RECORDED DATA –
┌──

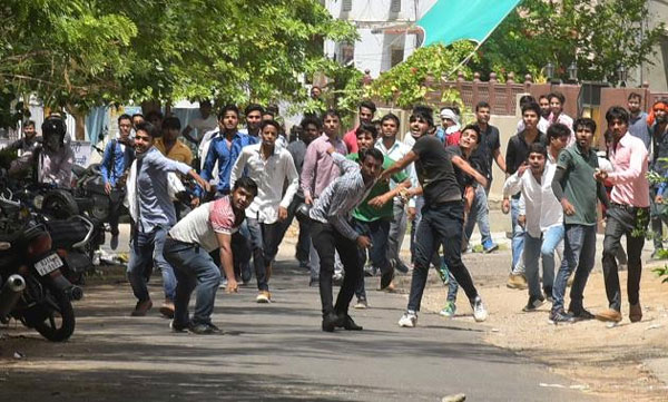 Jaipur, Nov 19: Tensions flared at the Rajasthan University campus on Wednesday after police resorted to lathi-charge to break up student demonstrations over alleged discrepancies in exam results and the evaluation system.
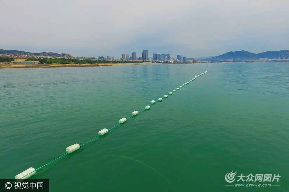 2017年6月12日,青島市石老人海水浴場西部新近鋪設(shè)完成的滸苔攔截網(wǎng)。
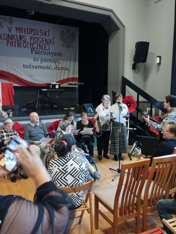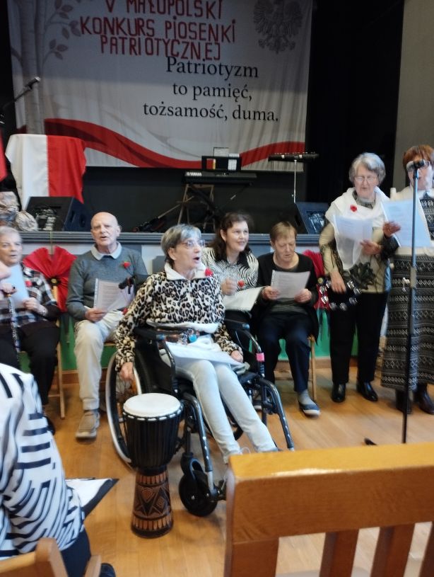 Pojechaliśmy za Alwernię do Babic na finał Konkursu Piosenki Patriotycznej. Znaleźliśmy się wśród 11-tu finalistów. Występ się udał. Dostaliśmy dyplom uczestnictwa i prezent. Mogliśmy obejrzeć ciekawe występy finalistów. Bardzo dobrze zorganizowane wydarzenie. Był poczęstunek – m.in. pyszna grochówka.

└──

WORK ORDER – Repeat the data exactly. Pictures should not appear.

RESPONSE TO THE TASK –
 Jaipur, Nov 19: Tensions flared at the Rajasthan University campus on Wednesday after police resorted to lathi-charge to break up student demonstrations over alleged discrepancies in exam results and the evaluation system.
 2017年6月12日,青島市石老人海水浴場西部新近鋪設(shè)完成的滸苔攔截網(wǎng)。
 Pojechaliśmy za Alwernię do Babic na finał Konkursu Piosenki Patriotycznej. Znaleźliśmy się wśród 11-tu finalistów. Występ się udał. Dostaliśmy dyplom uczestnictwa i prezent. Mogliśmy obejrzeć ciekawe występy finalistów. Bardzo dobrze zorganizowane wydarzenie. Był poczęstunek – m.in. pyszna grochówka.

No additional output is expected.